MOMENTUM THEOREM (in differential form).
1. For a point: the derivative of the momentum of the point with respect to time is equal to the resultant of the forces applied to the point:
or in coordinate form:
2. For a system: the derivative of the momentum of the system with respect to time is equal to the main vector of external forces of the system (vector sum of external forces applied to the system):
or in coordinate form:
MOMENTUM THEOREM (momentum theorem in final form).
1. For a point: the change in the momentum of the point over a finite period of time is equal to the sum of the impulses applied to the force point (or the resultant impulse of the forces applied to the point)
or in coordinate form:
2. For a system: the change in the momentum of the system over a finite period of time is equal to the sum of the impulses of external forces:
or in coordinate form:
Consequences: in the absence of external forces, the amount of motion of the system is a constant value; if the external forces of the system are perpendicular to a certain axis, then the projection of the momentum onto this axis is a constant value.
MOMENTUM THEOREM
1. For a point: The time derivative of the moment of momentum of the point relative to some center (axis) is equal to the sum of the moments of forces applied to the point relative to the same center (axis):
2. For the system:
The time derivative of the moment of momentum of the system relative to some center (axis) is equal to the sum of the moments of the external forces of the system relative to the same center (axis):
Consequences: if the external forces of the system do not provide a moment relative to a given center (axis), then the angular momentum of the system relative to this center (axis) is a constant value.
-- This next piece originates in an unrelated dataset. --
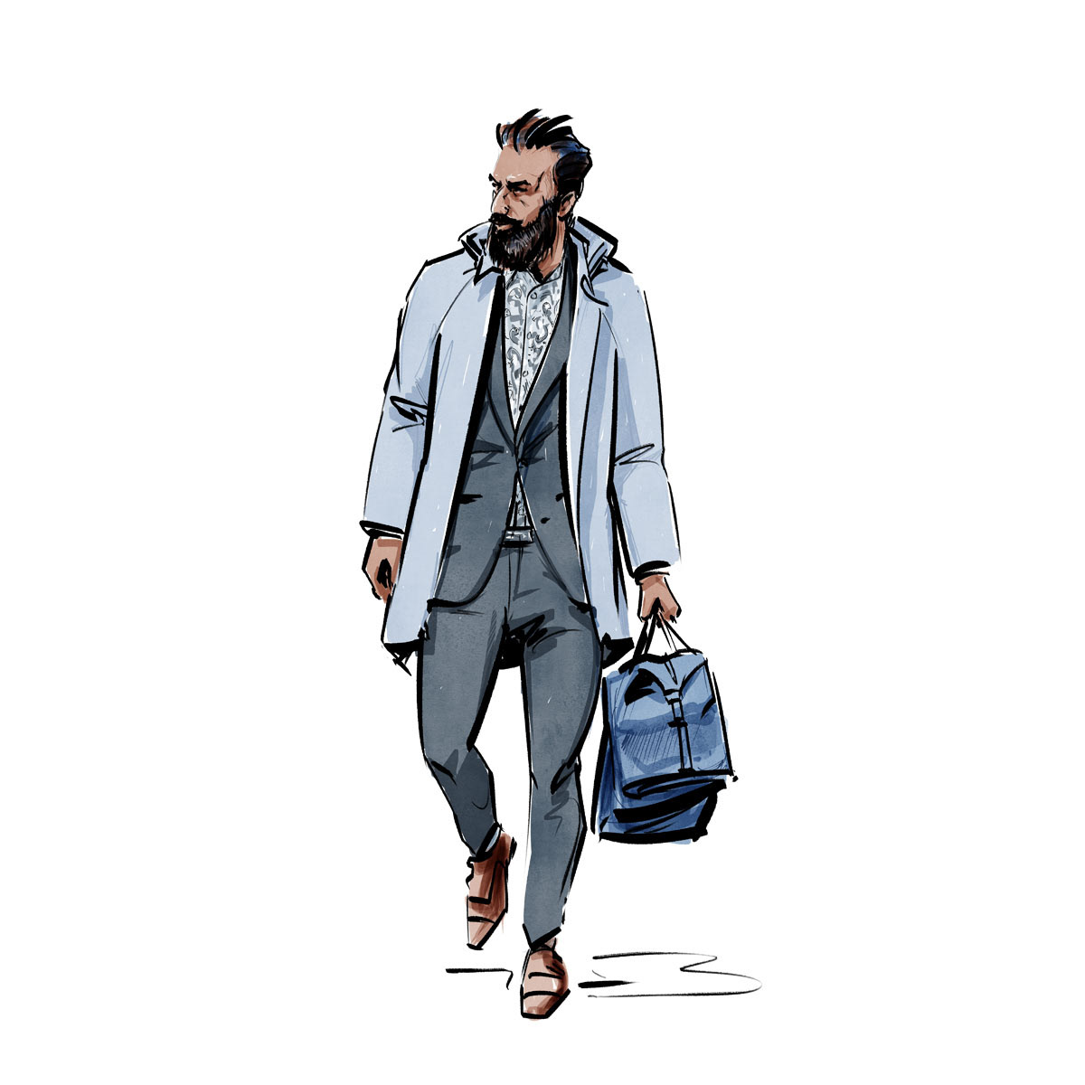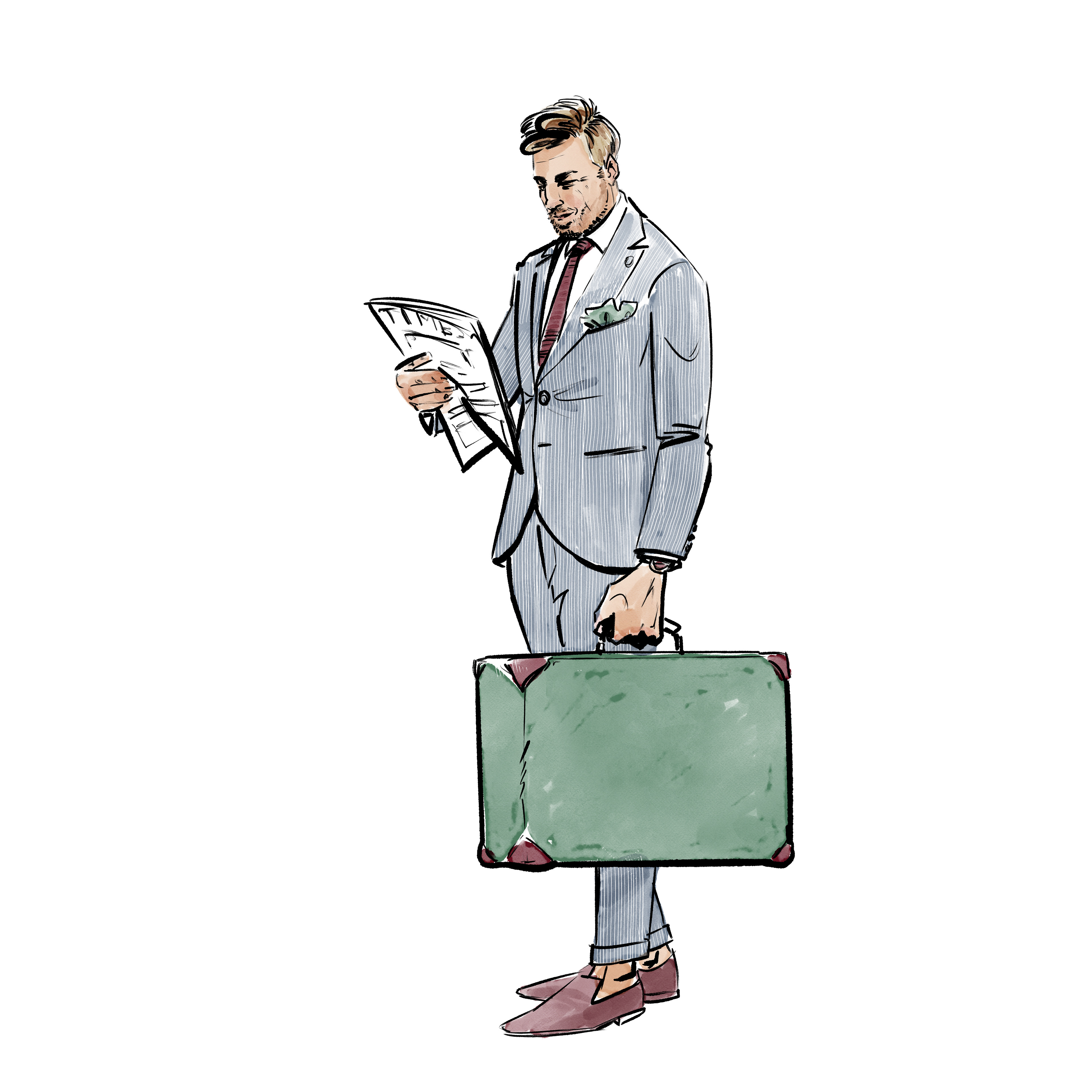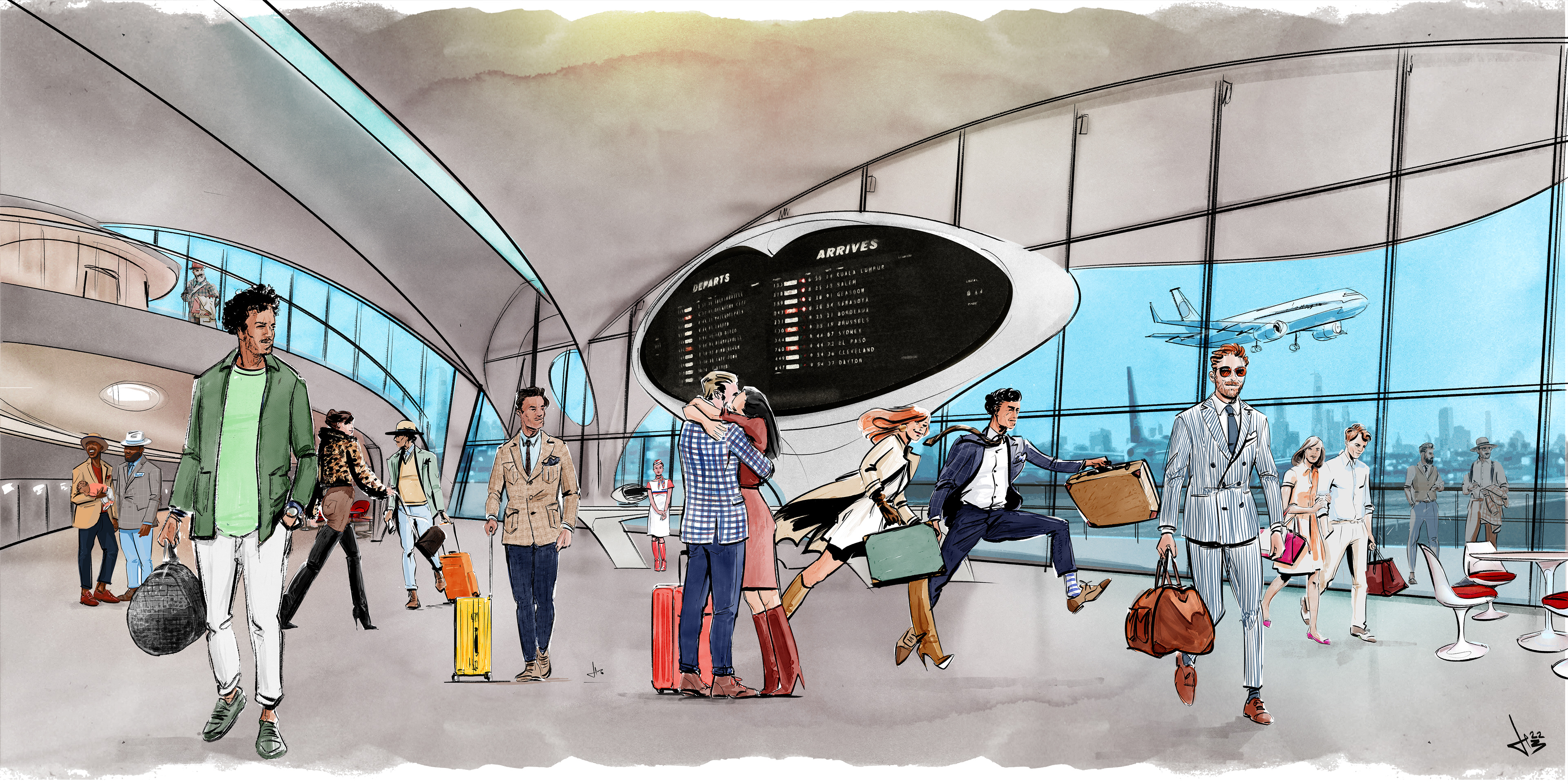 In 2022 Dutch Dandies looked back at the glory days of travel. I drew a mood image, featuring the TWA flight center, full of stylishly traveling gentlemen.

If the forces applied to a point do not produce a moment relative to a given center, then the angular momentum of the point relative to this center is a constant value and the point describes a flat trajectory.
KINETIC ENERGY THEOREM
1. For point: change kinetic energy point on its final displacement is equal to the work of the active forces applied to it (the tangential components of the reactions of non-ideal connections are included in the number of active forces):
For the case of relative motion: change in the kinetic energy of a point at relative motion equal to the work of the active forces applied to it and the transferring force of inertia (see “Special cases of integration”):
2. For a system: the change in the kinetic energy of the system at a certain displacement of its points is equal to the work of the external active forces applied to it and the internal forces applied to the points of the system, the distance between which changes:
If the system is immutable (solid body), then ΣA i =0 and the change in kinetic energy is equal to the work of only external active forces.
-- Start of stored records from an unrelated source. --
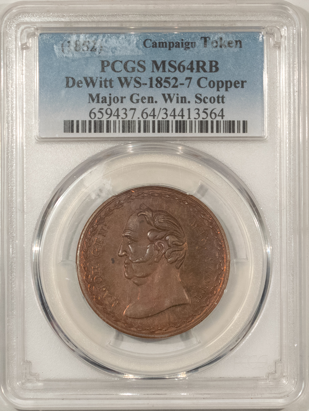 This is a 1852 MAJOR GENERAL WINFIELD SCOTT CAMPAIGN TOKEN, DEWITT WS-1852-7, PCGS MS-64RB! THIS IS A RARE TOKEN, AND ESPECIALLY SO IN THIS HIGH GRADE! Our commitment is to provide you with quality coins and collectibles at the best possible prices. This piece is no exception. Please note, the coin and collectibles markets do fluctuate, and prices occasionally will change. In this rare circumstance, we will contact you first to verify your order.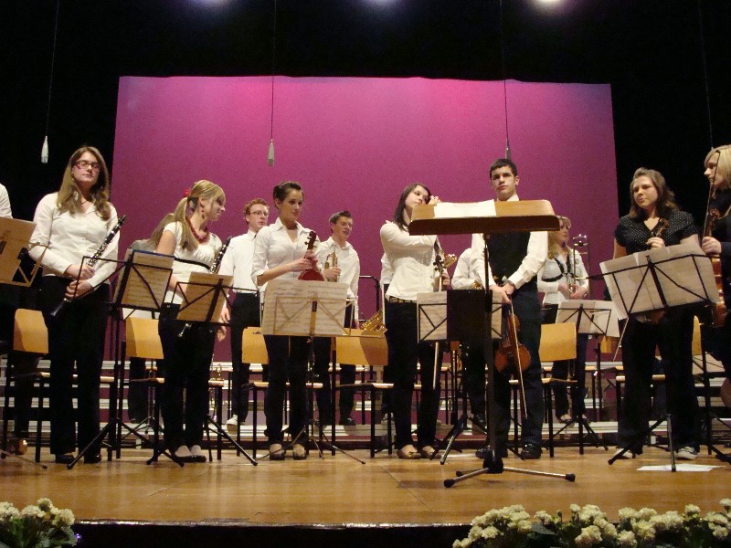Wieder einmal veranstaltete das Leibniz-Gymnasium seinen traditionellen Musikabend. Nach monatelanger Vorbereitung und vielen Proben, die in den letzten beiden Tagen davor das gesamte Schulleben in die Pflicht genommen hatten, boten in der Festhalle die verschiedenen Musikgruppen des Hauses unter Leitung der Fachschaft Musik ein vielgestaltiges Programm. Auftritte hatten das Flötenensemble, die Instrumental-AG der Unterstufe, Charlotte Gries & Daniel Engels, der Chor der Klassen 5 - 7 und das Schulorchester in großer Besetzung.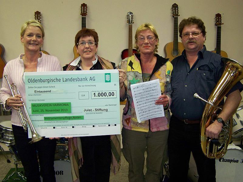 Große Freude im November 2013 beim Musikverein „Harmonia“. Beim letzten Übungsabend in der Inselschule kamen Inka Extra und Uda Haars von der Juist-Stiftung dazu, um einen Scheck zu übergeben. Die Bürgerstiftung hatte sich nämlich dazu entschieden, dem Juister Musikverein einen Betrag von 1.000 Euro für Instrumentenpflege und Noten zu übergeben.
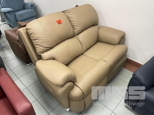 2 SEATER RECLINER, LIGHT BROWN LEATHER SHOW ROOM DISPLAY MODEL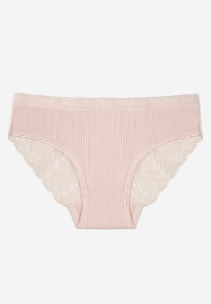 Jasnoróżowe Bawełniane Majtki Figi z Prążkowanej Tkaniny z Koronką Erqelia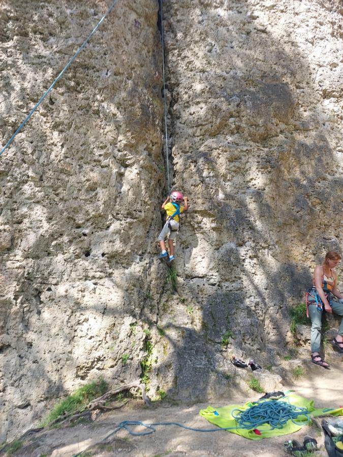 Przyjeżdżamy na kemping u Omy Eichler niedaleko Wolfsbergu i Obertrubach, między Bayreuth a Norymbergą. Obecnie kemping prowadzony jest przez Martę, córkę pierwszej gospodyni, nieżyjącej już Marii Eichler. To kultowe miejsce na mapie Franken, taki bawarski Camp 4. Jego początki sięgają końca lat 60. ubiegłego wieku. Przez te ponad 50 lat przewinęło się przez nie tysiące wspinaczy, w tym naprawdę śmietanka światowego sportu. Kiedy wiele lat temu przyjechałem tu pierwszy raz, nawet przez myśl mi nie przeszło, że kiedyś zawitam w to miejsce z własnymi dziećmi. Ale stało się.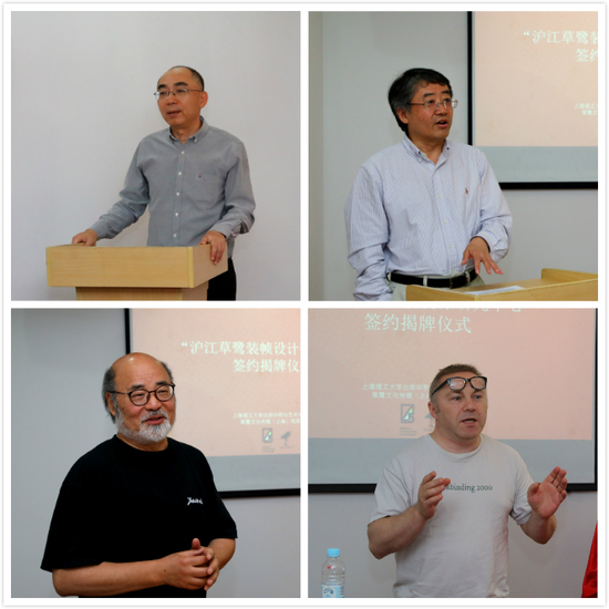 随后,永利集团304am官方入口与“草鹭文化”签订战略合作框架协议,吴建安与王强作为双方代表进行签约。赵明和阚宁辉为“沪江草鹭装帧设计研究中心”揭牌,并为“中心主任”“常务主任”“中心副主任”“特约研究员”颁发聘书。

THEOREM ABOUT THE MOTION OF THE CENTER OF MASS OF A MECHANICAL SYSTEM. The center of mass of a mechanical system moves as a point whose mass is equal to the mass of the entire system M=Σm i , to which all external forces of the system are applied:
or in coordinate form:
where is the acceleration of the center of mass and its projection on the axis Cartesian coordinates; external force and its projections on the Cartesian coordinate axes.
MOMENTUM THEOREM FOR THE SYSTEM, EXPRESSED IN THROUGH THE MOTION OF THE CENTER OF MASS.
The change in the speed of the center of mass of the system over a finite period of time is equal to the impulse of the external forces of the system over the same period of time, divided by the mass of the entire system.
Ministry of Education and Science of the Russian Federation
Federal State Budgetary Educational Institution of Higher Professional Education
"Kuban State Technological University"
Theoretical mechanics
Part 2 dynamics
Approved by the Editorial and Publishing Committee
university council as
Krasnodar
UDC 531.1/3 (075)
Theoretical mechanics. Part 2. Dynamics: Textbook / L.I. Draiko; Kuban. state technol.un-t. Krasnodar, 2011. 123 p.
ISBN 5-230-06865-5
The theoretical material is presented in a brief form, examples of problem solving are given, most of which reflect real technical issues, and attention is paid to the choice of a rational method of solution.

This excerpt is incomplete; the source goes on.